(DATA EXCERPTS Opens)

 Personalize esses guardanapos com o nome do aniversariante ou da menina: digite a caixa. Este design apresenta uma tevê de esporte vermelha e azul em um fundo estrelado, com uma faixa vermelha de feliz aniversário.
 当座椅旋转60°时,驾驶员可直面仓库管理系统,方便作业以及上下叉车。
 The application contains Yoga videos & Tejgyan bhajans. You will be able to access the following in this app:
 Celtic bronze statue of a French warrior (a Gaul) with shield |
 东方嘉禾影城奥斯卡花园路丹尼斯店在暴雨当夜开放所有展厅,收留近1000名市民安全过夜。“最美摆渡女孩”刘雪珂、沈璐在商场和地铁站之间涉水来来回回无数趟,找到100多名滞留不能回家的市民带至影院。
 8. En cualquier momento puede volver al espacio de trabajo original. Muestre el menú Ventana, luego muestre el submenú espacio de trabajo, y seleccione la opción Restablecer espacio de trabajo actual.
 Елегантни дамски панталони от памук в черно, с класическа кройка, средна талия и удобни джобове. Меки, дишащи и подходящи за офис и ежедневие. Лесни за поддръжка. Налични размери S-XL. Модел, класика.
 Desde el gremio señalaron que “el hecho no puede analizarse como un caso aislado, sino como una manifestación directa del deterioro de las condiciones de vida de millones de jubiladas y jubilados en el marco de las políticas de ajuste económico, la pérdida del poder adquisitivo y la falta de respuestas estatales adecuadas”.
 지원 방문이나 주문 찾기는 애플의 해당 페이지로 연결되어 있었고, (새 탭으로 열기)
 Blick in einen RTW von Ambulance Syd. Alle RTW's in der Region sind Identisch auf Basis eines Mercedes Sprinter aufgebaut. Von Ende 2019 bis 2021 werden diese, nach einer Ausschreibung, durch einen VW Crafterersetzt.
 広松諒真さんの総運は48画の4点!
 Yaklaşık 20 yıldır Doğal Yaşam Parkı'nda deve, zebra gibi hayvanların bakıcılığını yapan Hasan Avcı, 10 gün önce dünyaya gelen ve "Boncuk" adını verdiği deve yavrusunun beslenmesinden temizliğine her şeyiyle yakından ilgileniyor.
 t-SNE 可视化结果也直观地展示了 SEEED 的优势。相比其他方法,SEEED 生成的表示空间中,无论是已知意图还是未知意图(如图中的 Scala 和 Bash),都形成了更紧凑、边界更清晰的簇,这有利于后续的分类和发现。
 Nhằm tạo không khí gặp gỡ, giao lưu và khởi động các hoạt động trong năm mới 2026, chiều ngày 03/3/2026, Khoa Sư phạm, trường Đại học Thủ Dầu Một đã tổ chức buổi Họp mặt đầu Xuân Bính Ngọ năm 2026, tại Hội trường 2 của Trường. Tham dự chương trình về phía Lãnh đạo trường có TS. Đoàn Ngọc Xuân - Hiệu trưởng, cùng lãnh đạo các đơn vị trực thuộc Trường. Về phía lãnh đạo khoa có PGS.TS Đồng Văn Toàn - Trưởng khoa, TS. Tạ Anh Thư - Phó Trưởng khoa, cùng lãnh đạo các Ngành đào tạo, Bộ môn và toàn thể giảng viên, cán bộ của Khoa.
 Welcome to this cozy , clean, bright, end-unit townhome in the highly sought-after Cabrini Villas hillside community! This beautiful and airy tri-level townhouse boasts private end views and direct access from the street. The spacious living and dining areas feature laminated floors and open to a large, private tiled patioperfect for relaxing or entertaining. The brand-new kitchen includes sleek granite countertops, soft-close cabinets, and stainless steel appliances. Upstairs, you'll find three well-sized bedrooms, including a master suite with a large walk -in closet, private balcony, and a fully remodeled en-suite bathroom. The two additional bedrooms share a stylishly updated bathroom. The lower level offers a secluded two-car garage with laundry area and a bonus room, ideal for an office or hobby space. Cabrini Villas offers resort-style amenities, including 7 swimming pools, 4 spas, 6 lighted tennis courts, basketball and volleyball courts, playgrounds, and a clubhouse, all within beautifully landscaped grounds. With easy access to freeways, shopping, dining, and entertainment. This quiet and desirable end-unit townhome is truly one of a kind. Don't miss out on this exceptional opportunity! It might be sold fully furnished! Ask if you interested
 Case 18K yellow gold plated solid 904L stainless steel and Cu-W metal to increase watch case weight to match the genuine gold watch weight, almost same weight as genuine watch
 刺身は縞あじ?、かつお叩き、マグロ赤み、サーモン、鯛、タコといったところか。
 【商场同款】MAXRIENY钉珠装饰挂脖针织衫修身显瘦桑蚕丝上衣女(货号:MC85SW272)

(DATA EXCERPTS Closes)

**PROBLEM STATEMENT**
A verbatim transcription is needed of the lines above, starting at the line with "Yaklaşık 20 yıldır" and ending at the line with "t-SNE 可视化结果也直观地展示了 SEEED", both included, and of nothing else.

**ANSWER TO THE EXERCISE**
 Yaklaşık 20 yıldır Doğal Yaşam Parkı'nda deve, zebra gibi hayvanların bakıcılığını yapan Hasan Avcı, 10 gün önce dünyaya gelen ve "Boncuk" adını verdiği deve yavrusunun beslenmesinden temizliğine her şeyiyle yakından ilgileniyor.
 t-SNE 可视化结果也直观地展示了 SEEED 的优势。相比其他方法,SEEED 生成的表示空间中,无论是已知意图还是未知意图(如图中的 Scala 和 Bash),都形成了更紧凑、边界更清晰的簇,这有利于后续的分类和发现。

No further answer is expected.